The July ruling from the Federal Energy Regulatory Commission (FERC) on market-based rates, enacting two new market tests utilities must pass if they want to enter into wholesale power transactions at market rates, caught the attention of industry players. Those two tests-the pivotal-supplier test and the wholesale market-share test-stirred much debate and triggered several hearings and open forums. FERC generally stuck to its guns, adding a few minor provisions and a clause that allow companies that fail the market tests either to make their case in front of FERC or pass the delivered-price test. However, large investor-owned utilities (IOUs) that are outside of independent system operators (ISOs) and that don't belong to a control area with other members of similar size may as well book a ticket to Washington, D.C., if they want to sell power at market rates, because our analysis, developed here at Energy Velocity, shows that FERC is going to have a busy year.
The Pivotal-Supplier Test
The pivotal-supplier test is designed to ensure that no single company's capacity is essential to meet wholesale load. The test is simple: If the applicant's uncommitted capacity is greater than the market's net uncommitted capacity, the company fails the test. Table 1 contains a detailed description of the pivotal-supplier test. Net uncommitted capacity is the sum of all participants' uncommitted capacity less the market wholesale load. If the applicant's uncommitted capacity is greater than the market net uncommitted capacity then it is assumed that at some point the applicant will be in a position to control the market price, and the applicant fails the test.
Energy Velocity applied this test under two different conditions. The first did not include the control area's interconnected capacity; the second did. In the first analysis, only 11 of 136 companies failed the test. All those that failed were in control areas with peaks under 6,000 MW and had not experienced significant investment from independent power producers in the past few years.

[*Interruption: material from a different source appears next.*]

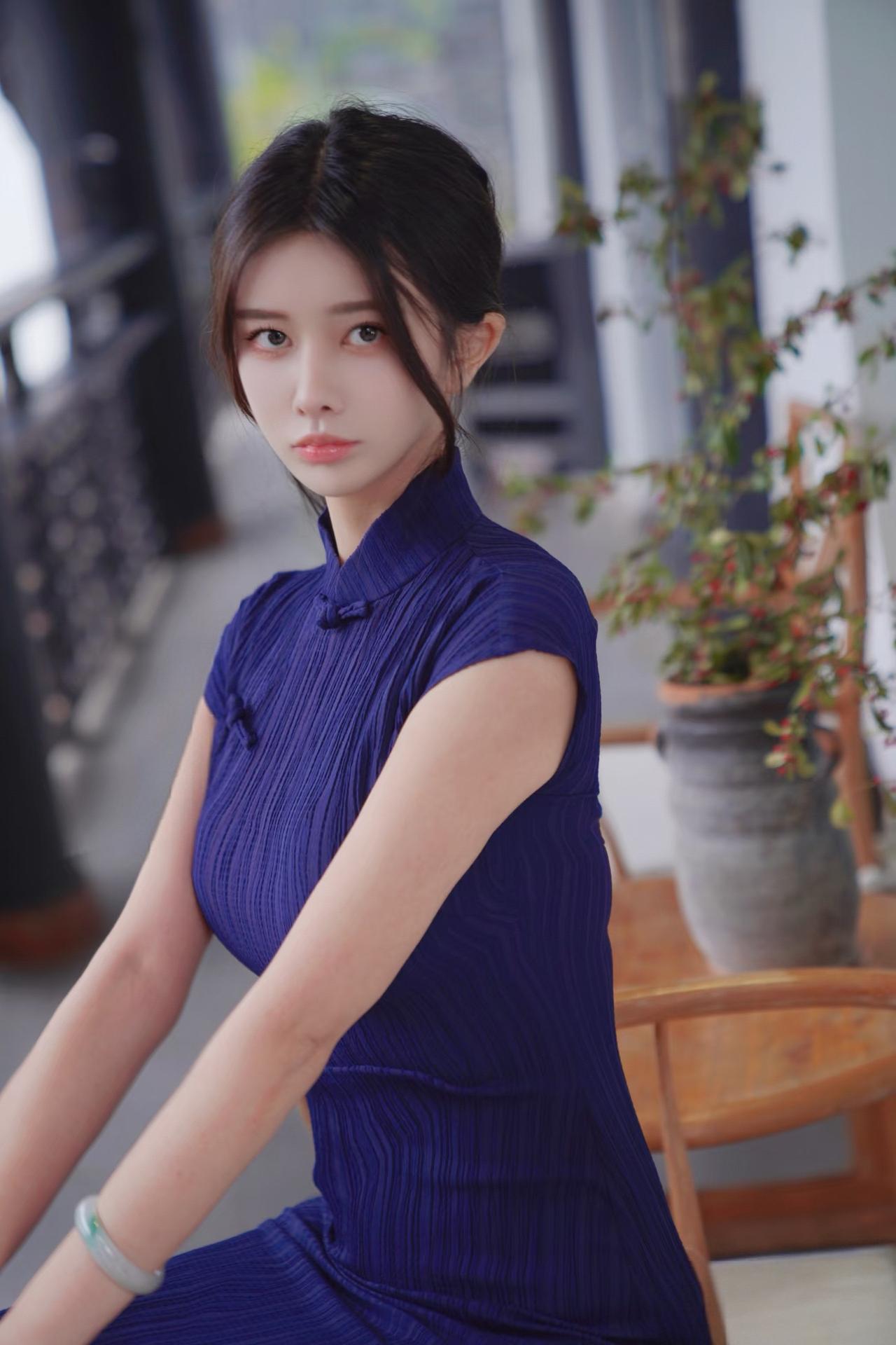 梦幻蓝裙少女,优雅气质满满!🌸✨

The second analysis included interconnected capacity, and no companies failed. This is partly a result of the recent overbuild and partly because most control areas are fairly well connected to their neighboring control areas.
Wholesale Market-Share Analysis
The wholesale market-share test is designed to measure an applicant's market power. Once again, the test is simple: If the applicant's uncommitted capacity is greater than or equal to 20 percent of the total market uncommitted capacity, the applicant fails. Figure 2 contains a detailed description of the wholesale market-share test. The base definition for supply in this test is the same as in the pivotal-supplier test, except that capacity is reduced to account for planned outages and low water years for hydro units. Planned outages need to be considered, because for this test, FERC defines native load as the minimum load in any season.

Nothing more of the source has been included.